§ **Provided records**
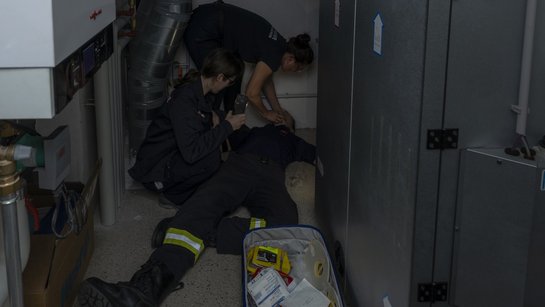Aber eben auch nicht nur unfallbedingte Erstmaßnahmen wurden geschult, sondern auch Ereignisse, mit Atemnot, Herz-Kreislaufproblemen, bis hin zum Atem- oder Kreislaufstillstand, wo die Beatmung und auch die Herzdruckmassage, aber auch der Defibrillator beübt wurden.
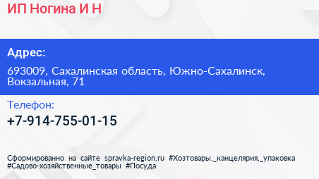 ИП Ногина И.Н. по адресу 693009, Сахалинская область, Южно-Сахалинск, Вокзальная, 71 в дальнейшем Организация, размещена в следующих категориях:
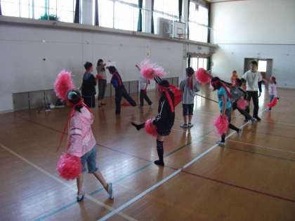 運動会が近づいてくると,昼休みは応援の自主練習タイムになります。これから練習によって,声と動きを揃えていきます。
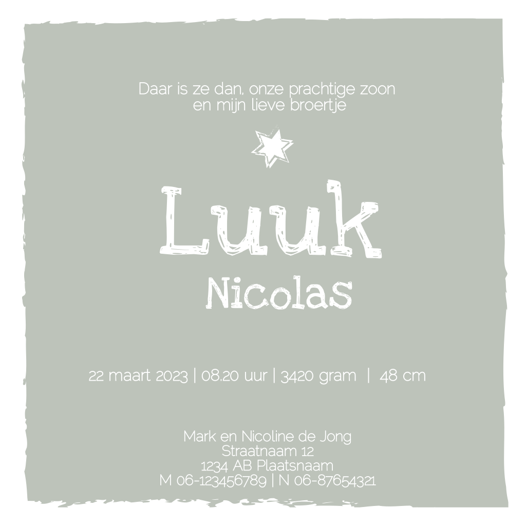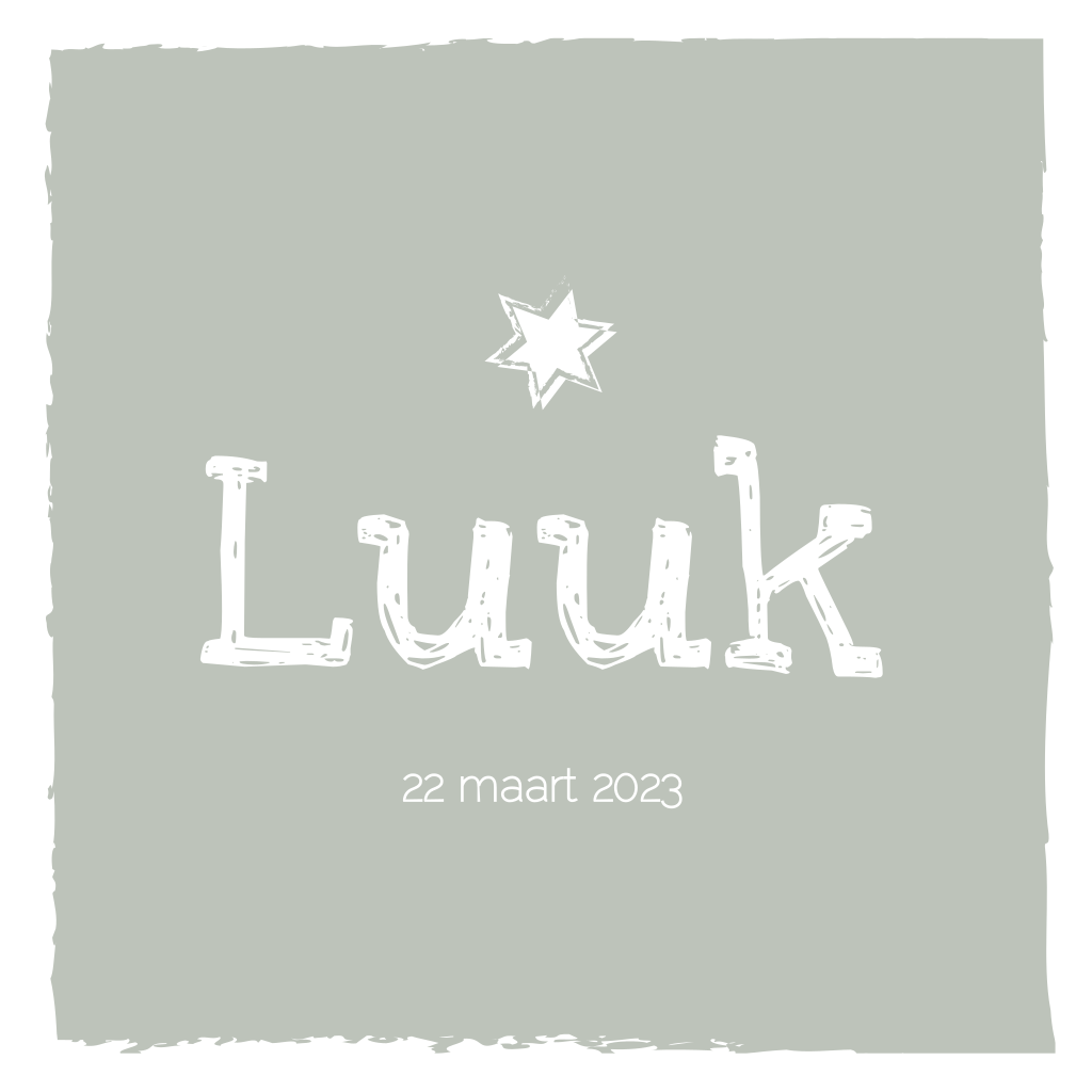 Hip geboortekaartje in de kleur van het jaar 2020 'Tranquil Dawn' midden tussen groen, blauw en grijs. (3677)
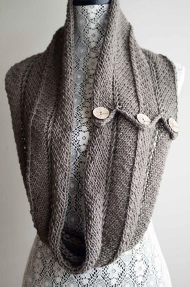 Apotheka is an infinity scarf that doesn’t need to be worked in the round. Knit flat, this piece is then sewn together. Alternately, you could easily leave this unsewn for a lovely scarf. Worked with super-soft HiKoo’s SimpliWorsted, this neck warmer has beautiful drape and is incredibly cozy. It also works up in a flash.
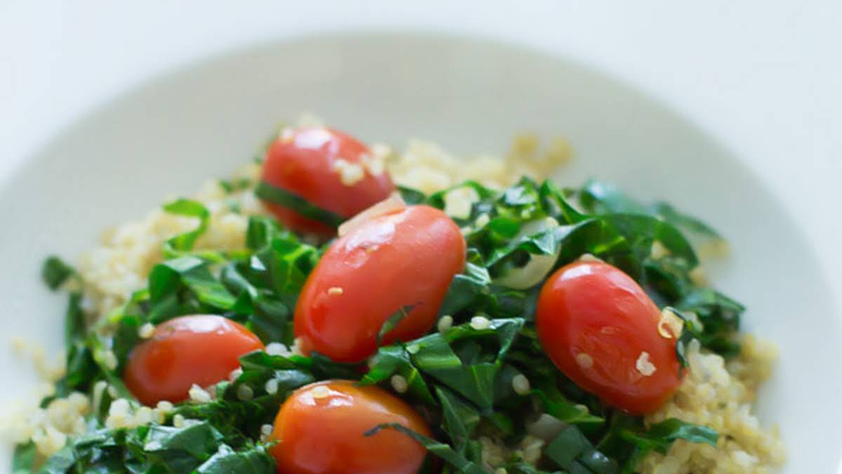 Peach Tomato And Fried Farro Salad With Burrata Recipe Ann
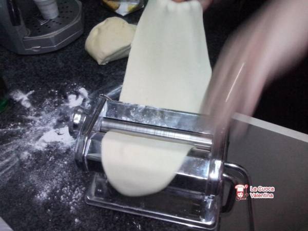Dividere l’impasto in più parti, ed iniziare a tirare la sfoglia con la macchinetta della pasta. Iniziare dal numero 1 fino ed arrivare al numero 4.
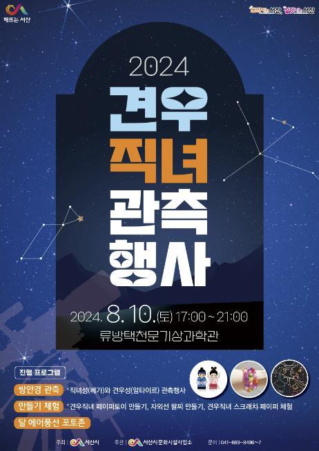 충남 서산시는 8월 10일 칠월칠석을 맞아 류방택천문기상과학관 일원에서 ‘견우직녀’ 관측행사를 개최한다고 6일 밝혔다.
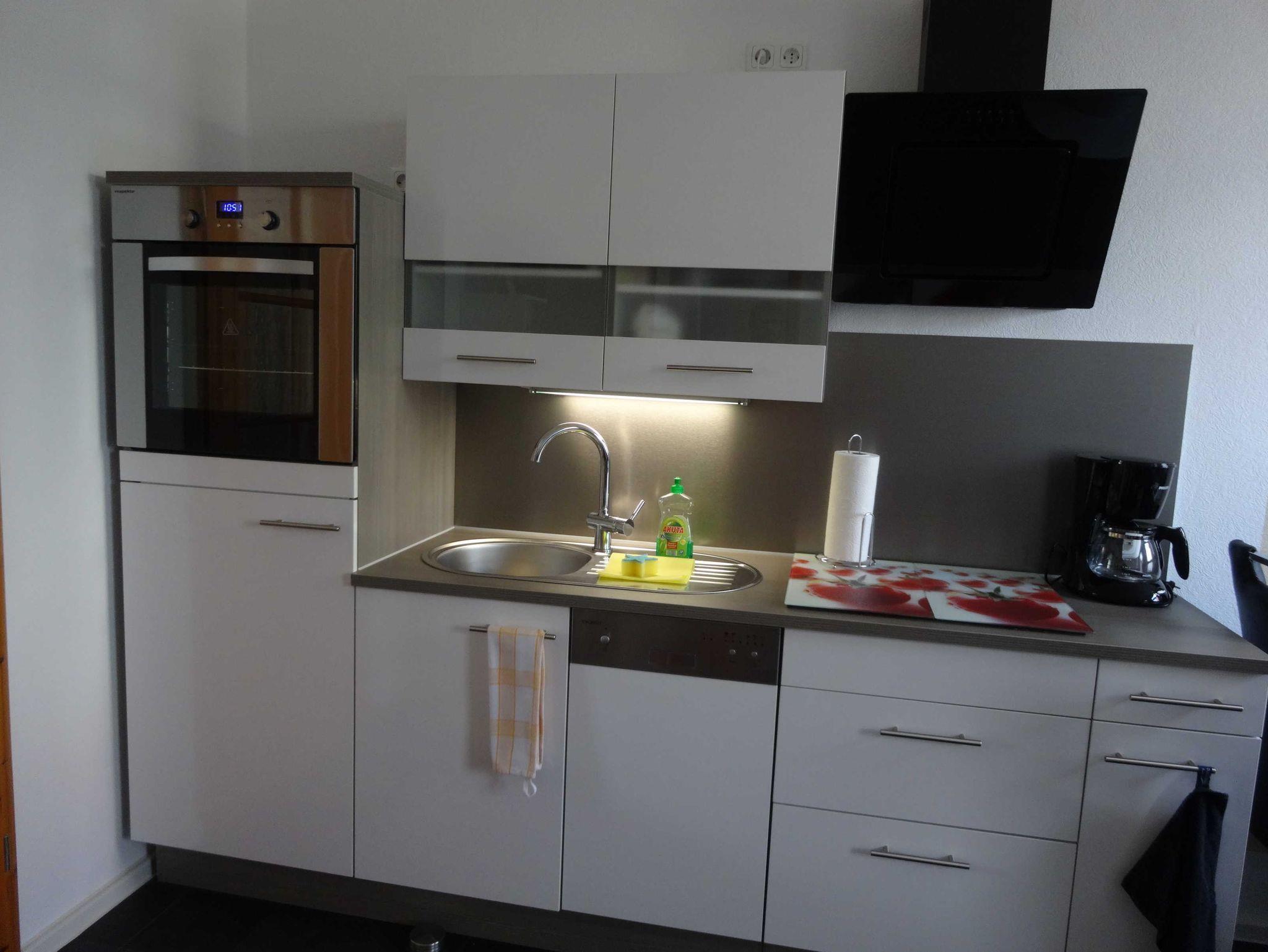Direkt gegenüber der Eingangstür erreichen Sie unsere offene und grausilberne Küche, die mit allen Annehmlichkeiten, wie mit einem Kombischrank aus Backofen auf Augenhöhe und Kühlschrank ausgestattet ist. Dem folgen die Spüle, der Geschirrspüler und der Herd. Unsere Küche verfügt über ausreichendes Geschirr für mehrere Personen und kleinen Elektrogeräten wie Kaffeemaschinen oder Wasserkocher. Sollte Ihnen hier mal etwas auf den Boden fallen, können Sie dies schnell und unkompliziert durch unseren robusten Fußboden entfernen.
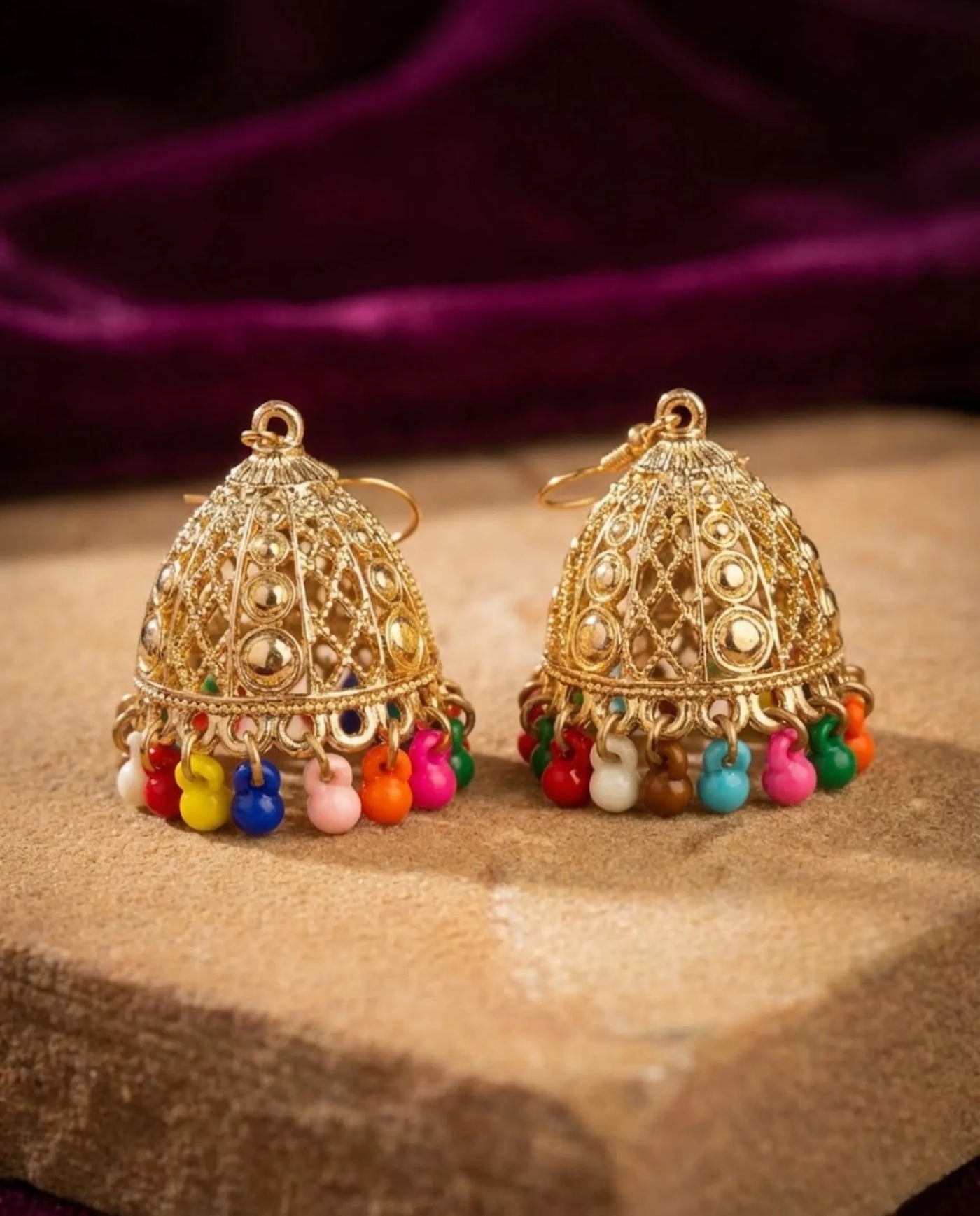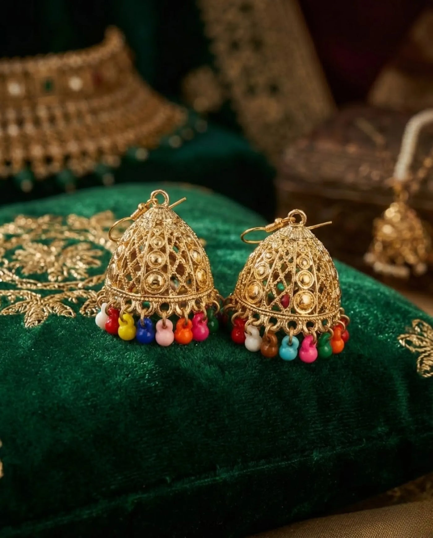Step into the spotlight with a masterpiece that bridges the gap between timeless heritage and contemporary glamour. These Orneza jhumkas are meticulously crafted with an intricate gold-tone filigree dome, reflecting the architectural beauty of traditional artistry while maintaining a lightweight, modern feel.
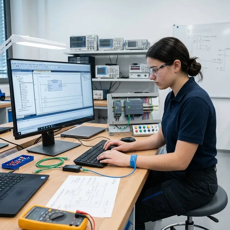"description": "Du programmierst eine Steuerung am Computer und spielst die Software über ein Programmiergerät auf die Hardware im Labor.",
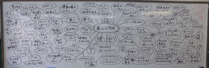 みんなで嵐山小学校の魅力を出し合い、ウェブマップにしました。ホワイトボード一面、子ども達の意見でいっぱいになりました。次は、つながりを見つけたり、グループごとにわけたりして考えたことを整理していきます。自分たちで学習を進めることができて、みんな総合的な学習が好きになりました。
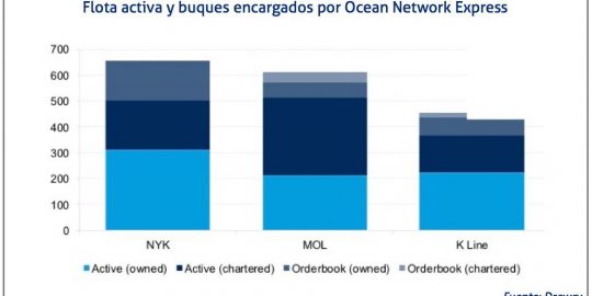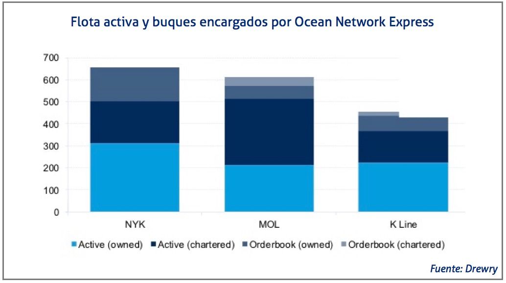 El 1 de abril de 2018 comenzará a operar Ocean Network Express, ONE, la naviera surgida de la fusión de las líneas de contenedores de NYK, MOL y K Line, cuya oficina central estará en Singapur, según recoge el último informe de Drewry.
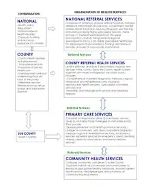 In the devolved government, the Kenya Health Policy 2014 – 2030 provides guidance to the health sector in terms of identifying and outlining the requisite activities in achieving the government's health goals.[19] The policy is aligned to Constitution of Kenya and global health commitments.

§ **What you are asked to do**
Each record above needs to be copied exactly, with images left out.

§ **Response to the exercise**
Aber eben auch nicht nur unfallbedingte Erstmaßnahmen wurden geschult, sondern auch Ereignisse, mit Atemnot, Herz-Kreislaufproblemen, bis hin zum Atem- oder Kreislaufstillstand, wo die Beatmung und auch die Herzdruckmassage, aber auch der Defibrillator beübt wurden.
 ИП Ногина И.Н. по адресу 693009, Сахалинская область, Южно-Сахалинск, Вокзальная, 71 в дальнейшем Организация, размещена в следующих категориях:
 運動会が近づいてくると,昼休みは応援の自主練習タイムになります。これから練習によって,声と動きを揃えていきます。
 Hip geboortekaartje in de kleur van het jaar 2020 'Tranquil Dawn' midden tussen groen, blauw en grijs. (3677)
 Apotheka is an infinity scarf that doesn’t need to be worked in the round. Knit flat, this piece is then sewn together. Alternately, you could easily leave this unsewn for a lovely scarf. Worked with super-soft HiKoo’s SimpliWorsted, this neck warmer has beautiful drape and is incredibly cozy. It also works up in a flash.
 Peach Tomato And Fried Farro Salad With Burrata Recipe Ann
Dividere l’impasto in più parti, ed iniziare a tirare la sfoglia con la macchinetta della pasta. Iniziare dal numero 1 fino ed arrivare al numero 4.
 충남 서산시는 8월 10일 칠월칠석을 맞아 류방택천문기상과학관 일원에서 ‘견우직녀’ 관측행사를 개최한다고 6일 밝혔다.
Direkt gegenüber der Eingangstür erreichen Sie unsere offene und grausilberne Küche, die mit allen Annehmlichkeiten, wie mit einem Kombischrank aus Backofen auf Augenhöhe und Kühlschrank ausgestattet ist. Dem folgen die Spüle, der Geschirrspüler und der Herd. Unsere Küche verfügt über ausreichendes Geschirr für mehrere Personen und kleinen Elektrogeräten wie Kaffeemaschinen oder Wasserkocher. Sollte Ihnen hier mal etwas auf den Boden fallen, können Sie dies schnell und unkompliziert durch unseren robusten Fußboden entfernen.
Step into the spotlight with a masterpiece that bridges the gap between timeless heritage and contemporary glamour. These Orneza jhumkas are meticulously crafted with an intricate gold-tone filigree dome, reflecting the architectural beauty of traditional artistry while maintaining a lightweight, modern feel.
"description": "Du programmierst eine Steuerung am Computer und spielst die Software über ein Programmiergerät auf die Hardware im Labor.",
 みんなで嵐山小学校の魅力を出し合い、ウェブマップにしました。ホワイトボード一面、子ども達の意見でいっぱいになりました。次は、つながりを見つけたり、グループごとにわけたりして考えたことを整理していきます。自分たちで学習を進めることができて、みんな総合的な学習が好きになりました。
 El 1 de abril de 2018 comenzará a operar Ocean Network Express, ONE, la naviera surgida de la fusión de las líneas de contenedores de NYK, MOL y K Line, cuya oficina central estará en Singapur, según recoge el último informe de Drewry.
 In the devolved government, the Kenya Health Policy 2014 – 2030 provides guidance to the health sector in terms of identifying and outlining the requisite activities in achieving the government's health goals.[19] The policy is aligned to Constitution of Kenya and global health commitments.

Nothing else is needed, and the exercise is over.